Mereka tak berdaya karena ketidaktahuan dan kebiasaan ketergantungan.
Maklumlah, di Indonesia sistem manajemen pendidikan tak sefundamental
kurikulum dan ujian. Lain halnya kebijakan try and error yang menyangkut
kurikulum.
3. Sudah rahasia umum, pendidikan keguruan di negeri ini tidak pernah menyiapkan
guru dan sekolah menjadi pengembang kurikulum. Sementara dalam KTSP guru
harus mampu menafsirkan standar kompetensi dan kompetensi dasar menjadi
indikator dan materi pembelajaran, sekaligus menentukan sendiri metodologi
didaktisnya agar tercipta harmoni pembelajaran yang efektif dan efisien. Paradoks
KTSP dan kesiapan guru bisa menjadi musibah nasional pendidikan. Musibah
intelektual ini sulit di-recovery dan butuh waktu relatif lama, apalagi jika
dikaitkan dengan konteks global jelas terjadi ironi. Globalisasi memaksa
terjadinya variasi dan dinamika sumber pengetahuan. Dulu guru sebagai satu-
satunya sumber pengetahuan. Sejalan dengan globalisasi, guru bukan satu-satunya
lagi sumber pengetahuan. Siswa memiliki peluang mengakses informasi dari
berbagai sumber, dikenallah istilah on-line learning.
4. KTSP menghadapi tantangan besar terkait keterpaduan informasi lokal, nasional,
dan internasional. Kemampuan memadukan ini hanya bisa dilakukan oleh sumber
daya yang memang disiapkan jauh-jauh hari, bukan oleh guru yang disiapkan
secara instan melalui berbagai program pendampingan pengembangan kurikulum.
Lebih berbahaya lagi jika sekolah akhirnya menjiplak panduan yang ditawarkan
Badan Standar Nasional Pendidikan (BSNP).

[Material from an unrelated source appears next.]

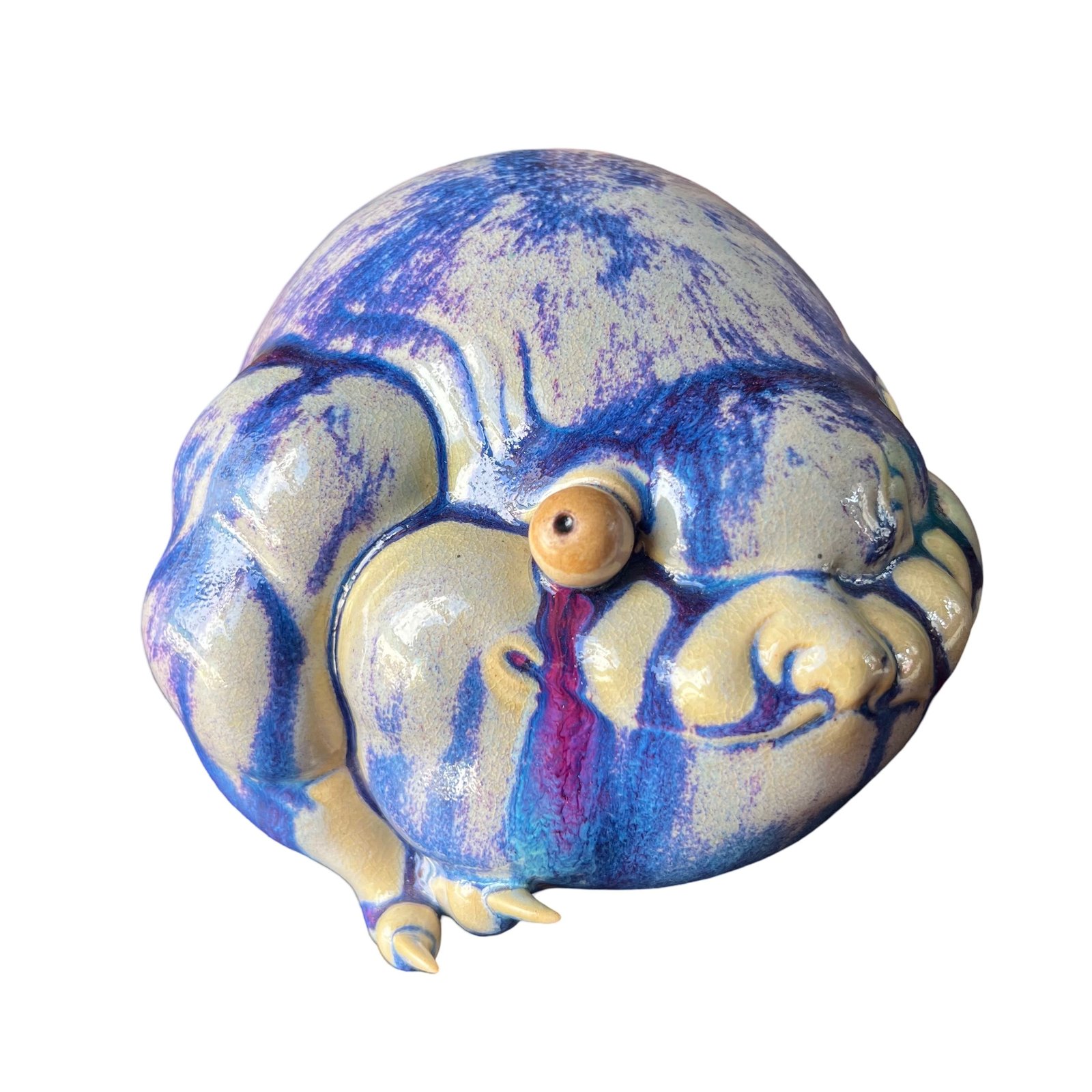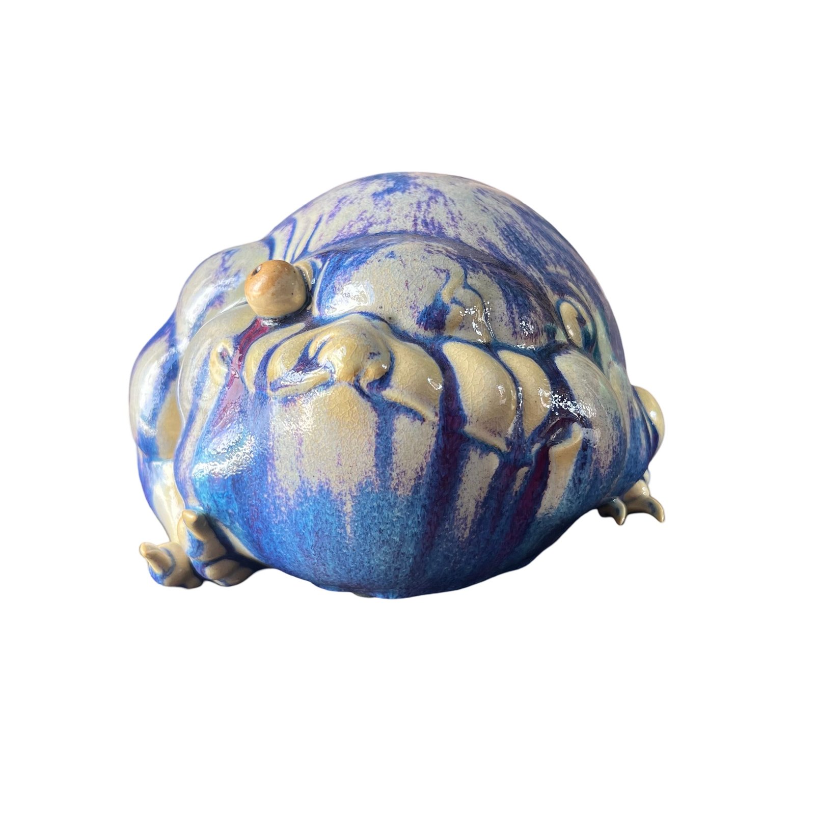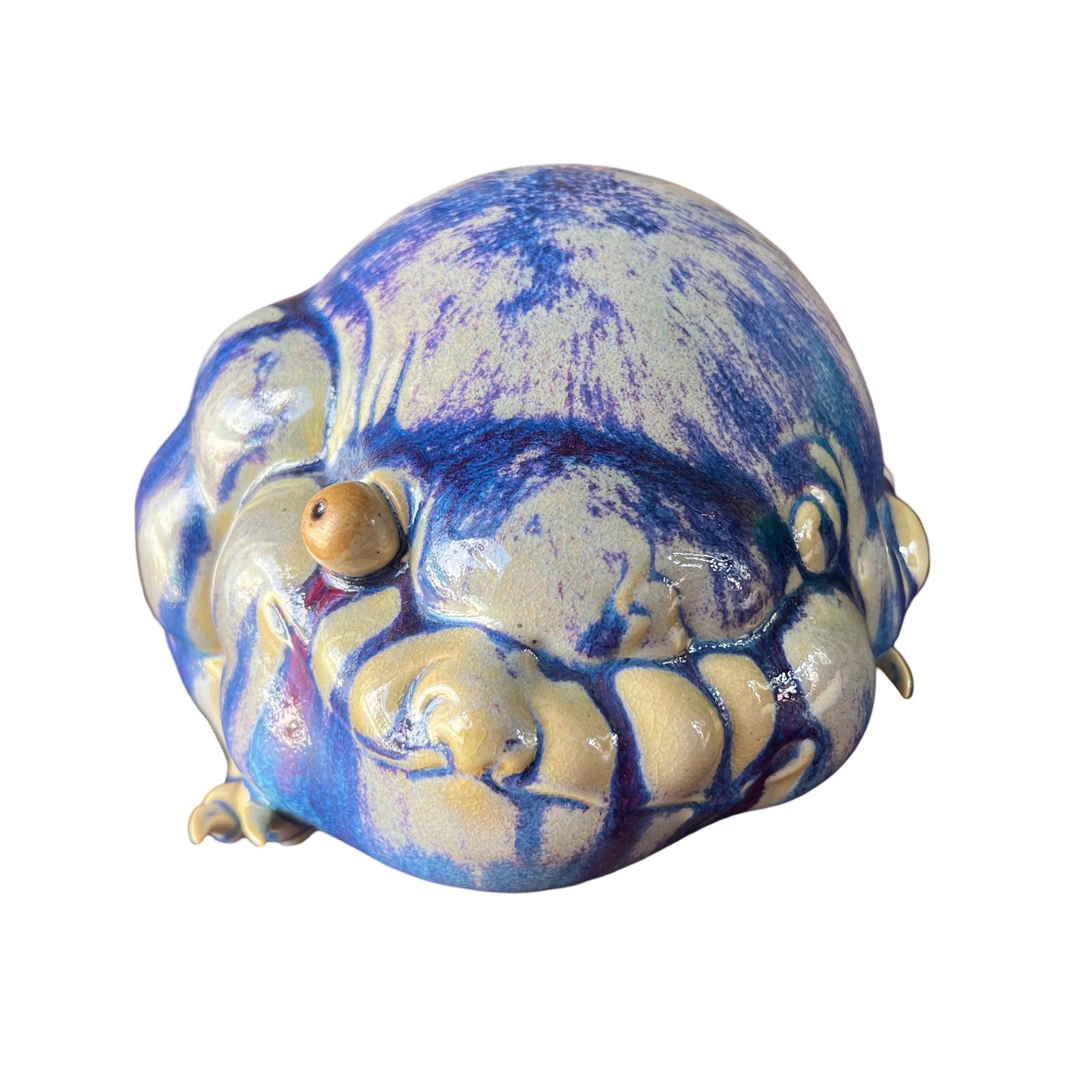 The “three-legged toad” or “money toad” is a popular fengshui charm as it’s supposed to beckon wealth & abundance, and it is usually depicted with red eyes and only one hind leg (hence three-legged). When creating this piece, the artist had given it a humorous twist. The title of this sculpture is called “钱孔看人生”, which literally translates to “looking at life through the hole in the Chinese coin”. The toad has one eye shut because it is peeking through the hole of the Chinese coin, the meaning behind it is “looking at life only through the perspective of money”, lamenting the amount of emphasis/importance that our current society places on money.

Tujuan mulia KTSP pada akhirnya
hanya akan melahirkan sekolah-sekolah ’kurung batok’, instan, dan kerdil
kreativitas.
Sekedar untuk digaris bawahi bahwa secara substansial, pemberlakuan Kurikulum
Tingkat Satuan Pendidikan (KTSP) lebih kepada mengimplementasikan regulasi yang
ada, yaitu PP No. 19/2005. Akan tetapi, esensi isi dan arah pengembangan pembelajaran
tetap masih bercirikan tercapainya paket-paket kompetensi, yaitu :
1. Menekankan pada ketercapaian kompetensi siswa baik secara individual maupun
klasikal.
2. Berorientasi pada hasil belajar (learning outcomes) dan keberagaman.

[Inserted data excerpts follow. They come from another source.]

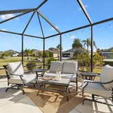 Ideally positioned in the highly desirable Village of Charlotte, this meticulously maintained 3-bedroom, 2-bath Designer Gardenia sits on a spacious corner lot with room for a future pool. A freshly painted exterior, custom hand-selected landscaping, and a rare third golf cart garage create a welcoming first impression for immediate Villages lifestyle living from day one. Designed for true Villages living, the home features an expansive screened lanai and wraparound screened patio complete with a custom built-in bar, newly planted privacy shrubs, and tropical palms—an ideal setting for relaxing, entertaining, and enjoying Florida’s indoor-outdoor lifestyle. Inside, the home shines with thoughtfully curated upgrades including brand-new luxury vinyl plank flooring, plantation shutters, crown molding, updated lighting, and fresh interior paint, all enhancing the bright, open layout and clean, modern feel. The split floor plan offers excellent privacy for guests, with a flexible third bedroom ideal for a home office or hobby space. The inviting kitchen features abundant cabinetry, a built-in pantry, deep pot drawers, and a breakfast nook with tranquil golf course and pond views, flowing seamlessly into the living and dining areas. The spacious owner’s suite serves as an elegant retreat with tray ceilings, dual vanities, separate closets, and a stunning Roman walk-in shower with floor-to-ceiling tile. Step outside to the screened lanai and wraparound patio with custom built-in bar, newly planted privacy shrubs, and tropical palms—perfect for relaxing or entertaining. Additional highlights include a solar attic fan, a valuable energy-efficient upgrade which reduces heat stress and lowers electricity costs while helping to extend the life of the roof and HVAC system, a well-appointed garage with built-in storage and workspace, a whole-house water softener, new water heater, and an advanced monitored home safety system providing monitored alerts for smoke, fire, carbon monoxide, water leaks, and flood detection—giving you complete peace of mind whether in the home or out of town. For added peace of mind, a pre-listing inspection has been completed, with all items addressed. A beautifully upgraded home oozing with upgrades and move-in ready in a prime central location—this is one not to miss! To complete the Villages lifestyle, an Electric Club Car Presidente is available as an optional addition. Schedule your showing today!
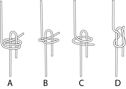 The figures show four different schematics of two flexible strings. If all the ends are pulled tight, which of the options will form a knot?
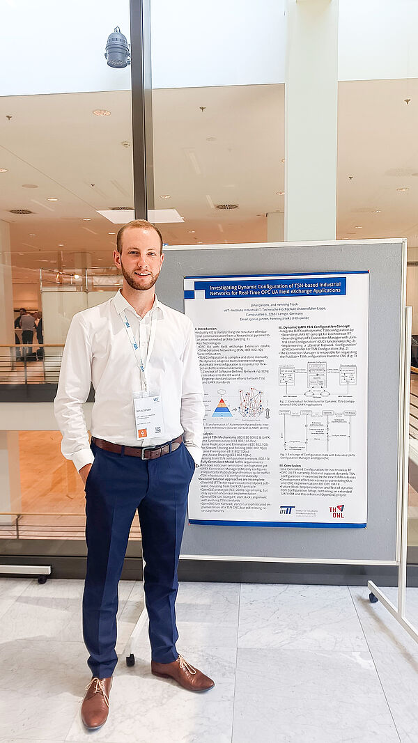 Jonas Janzen, research assistant in the Interconnected Automation Systems research group led by Prof. Dr. Henning Trsek, presented a poster at the congress on the topic of ‘Investigating Dynamic Configuration of TSN-based Industrial Networks for Real-Time OPC UA Field eXchange Applications’.

3. Penyampaian dalam pembelajaran menggunakan pendekatan dan metode yang
bervariasi.
4. Sumber belajar bukan hanya guru, tetapi juga sumber belajar lainnya yang
memenuhi unsur edukatif.
5. Penilaian menekankan pada proses dan hasil belajar dalam upaya penguasaan atau
pencapaian suatu kompetensi.
Terdapat perbedaan mendasar dibandingkan dengan kurikulum berbasis
kompetensi sebelumnya, bahwa sekolah diberi kewenangan penuh menyusun rencana
pendidikan sesuai karakteristik Satuan Pendidikan dan keberadaannya, dengan mengacu
pada standar-standar yang telah ditetapkan, mulai dari tujuan, visi-misi, struktur dan
muatan kurikulum, beban belajar, kalender pendidikan, hingga pengembangan silabus
dan Rancangan Pelaksanaan Pembelajarannya.